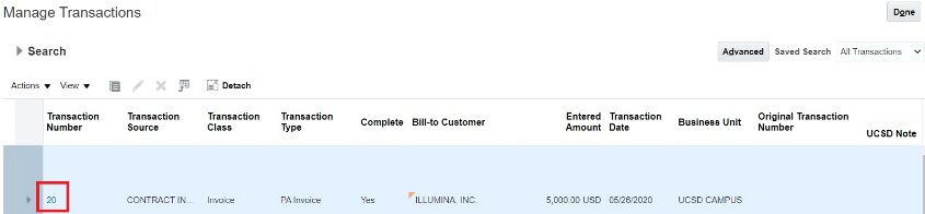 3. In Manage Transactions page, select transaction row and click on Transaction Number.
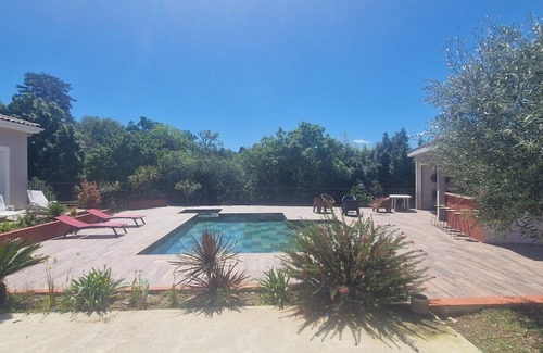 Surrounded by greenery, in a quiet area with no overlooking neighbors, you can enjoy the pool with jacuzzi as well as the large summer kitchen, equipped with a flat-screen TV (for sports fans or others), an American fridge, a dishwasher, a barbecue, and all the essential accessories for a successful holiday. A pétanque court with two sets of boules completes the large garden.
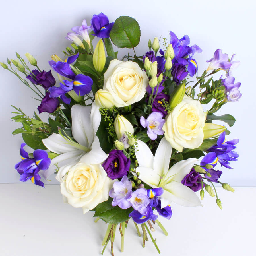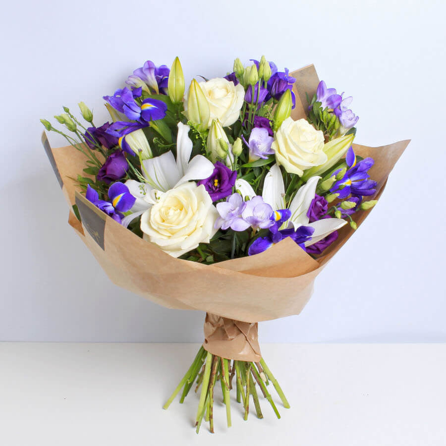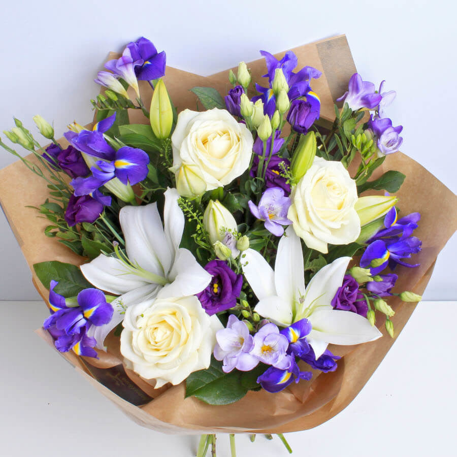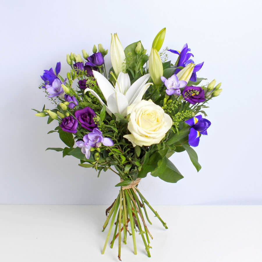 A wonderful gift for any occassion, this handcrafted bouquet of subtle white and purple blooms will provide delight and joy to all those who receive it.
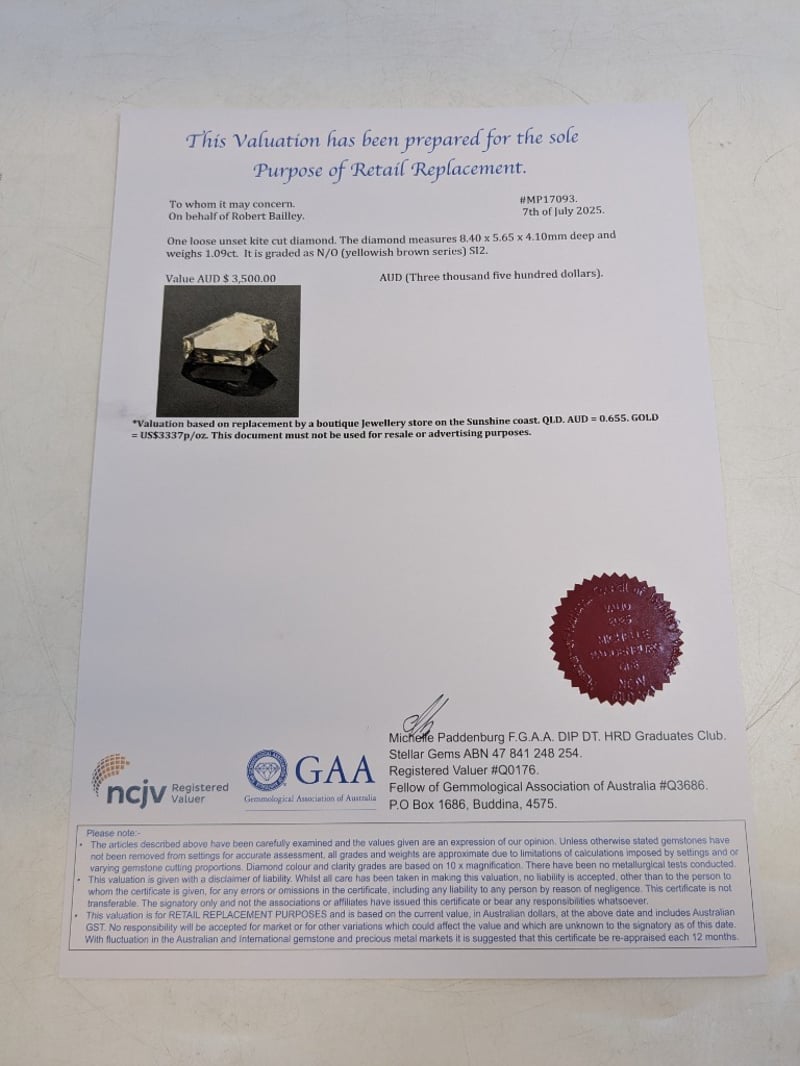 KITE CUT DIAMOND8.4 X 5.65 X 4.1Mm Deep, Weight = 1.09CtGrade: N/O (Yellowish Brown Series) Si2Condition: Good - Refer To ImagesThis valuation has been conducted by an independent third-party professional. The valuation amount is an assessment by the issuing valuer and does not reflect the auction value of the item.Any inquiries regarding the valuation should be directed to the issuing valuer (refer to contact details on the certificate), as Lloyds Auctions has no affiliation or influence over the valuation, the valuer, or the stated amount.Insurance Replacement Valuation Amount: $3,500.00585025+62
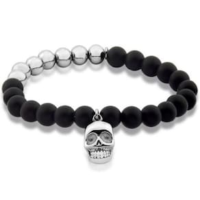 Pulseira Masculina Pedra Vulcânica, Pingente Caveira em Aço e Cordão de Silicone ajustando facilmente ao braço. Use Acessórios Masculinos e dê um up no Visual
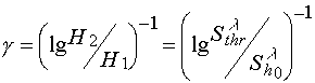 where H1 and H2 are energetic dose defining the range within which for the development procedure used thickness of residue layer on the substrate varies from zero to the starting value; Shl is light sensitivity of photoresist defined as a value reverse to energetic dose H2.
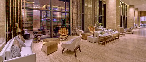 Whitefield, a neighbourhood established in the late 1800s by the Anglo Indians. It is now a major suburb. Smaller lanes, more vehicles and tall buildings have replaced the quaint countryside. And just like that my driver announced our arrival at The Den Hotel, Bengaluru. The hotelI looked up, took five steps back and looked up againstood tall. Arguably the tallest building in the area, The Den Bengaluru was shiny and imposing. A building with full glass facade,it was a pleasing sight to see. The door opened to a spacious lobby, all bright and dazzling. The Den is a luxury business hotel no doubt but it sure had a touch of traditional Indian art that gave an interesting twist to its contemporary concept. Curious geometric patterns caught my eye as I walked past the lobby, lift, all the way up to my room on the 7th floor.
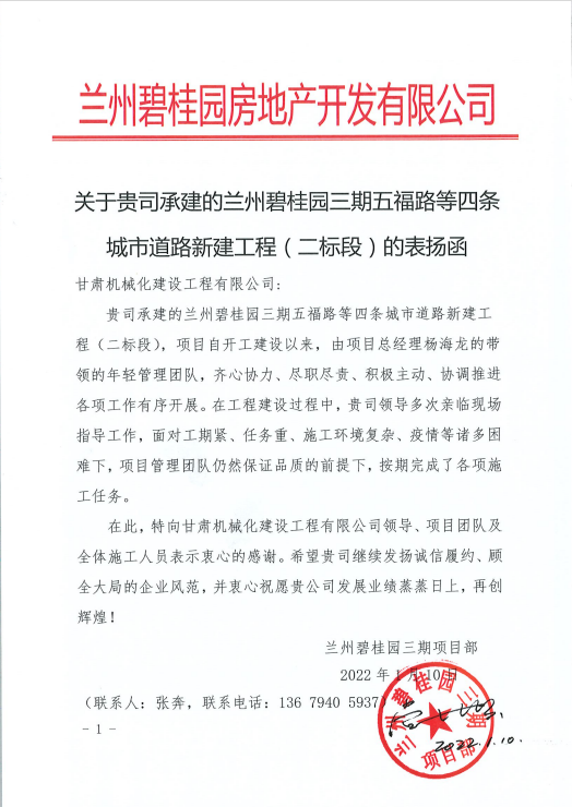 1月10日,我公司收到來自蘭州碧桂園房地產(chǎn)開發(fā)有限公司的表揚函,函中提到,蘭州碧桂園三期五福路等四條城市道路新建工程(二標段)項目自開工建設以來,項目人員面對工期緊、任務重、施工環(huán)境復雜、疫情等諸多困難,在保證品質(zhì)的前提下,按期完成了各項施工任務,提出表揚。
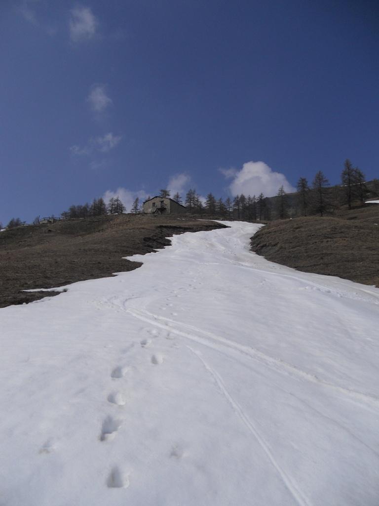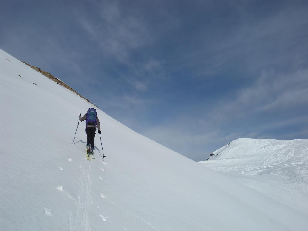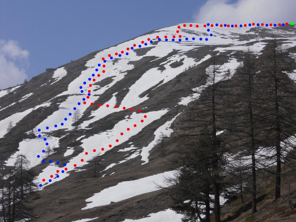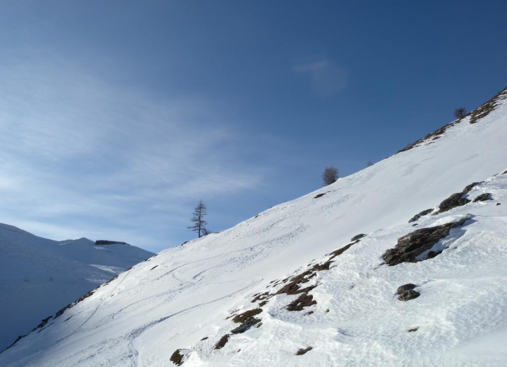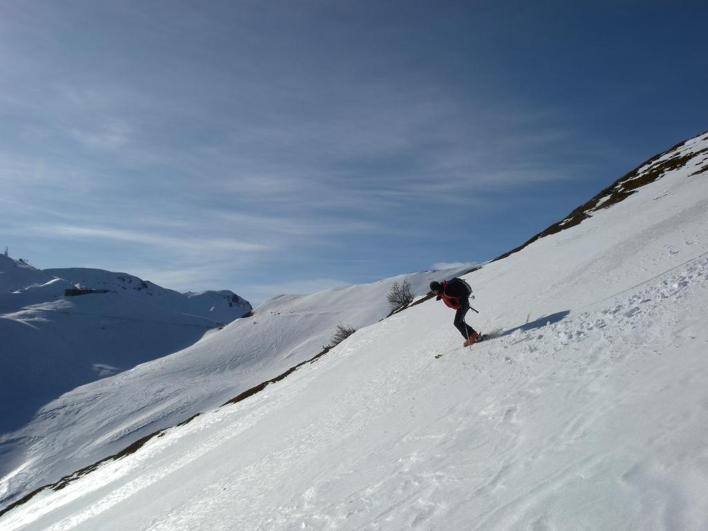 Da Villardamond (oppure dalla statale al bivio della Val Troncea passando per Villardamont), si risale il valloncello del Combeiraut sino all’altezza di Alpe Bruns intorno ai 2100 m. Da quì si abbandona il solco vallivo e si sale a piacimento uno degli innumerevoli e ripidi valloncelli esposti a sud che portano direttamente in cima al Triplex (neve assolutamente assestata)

# [ACTION ITEM]
Using the data above, copy exactly the lines from the one containing "KITE CUT DIAMOND8.4" to the one containing "where H1 and", inclusive. Exclude the pictures.

# [RESPONSE]
 KITE CUT DIAMOND8.4 X 5.65 X 4.1Mm Deep, Weight = 1.09CtGrade: N/O (Yellowish Brown Series) Si2Condition: Good - Refer To ImagesThis valuation has been conducted by an independent third-party professional. The valuation amount is an assessment by the issuing valuer and does not reflect the auction value of the item.Any inquiries regarding the valuation should be directed to the issuing valuer (refer to contact details on the certificate), as Lloyds Auctions has no affiliation or influence over the valuation, the valuer, or the stated amount.Insurance Replacement Valuation Amount: $3,500.00585025+62
 Pulseira Masculina Pedra Vulcânica, Pingente Caveira em Aço e Cordão de Silicone ajustando facilmente ao braço. Use Acessórios Masculinos e dê um up no Visual
 where H1 and H2 are energetic dose defining the range within which for the development procedure used thickness of residue layer on the substrate varies from zero to the starting value; Shl is light sensitivity of photoresist defined as a value reverse to energetic dose H2.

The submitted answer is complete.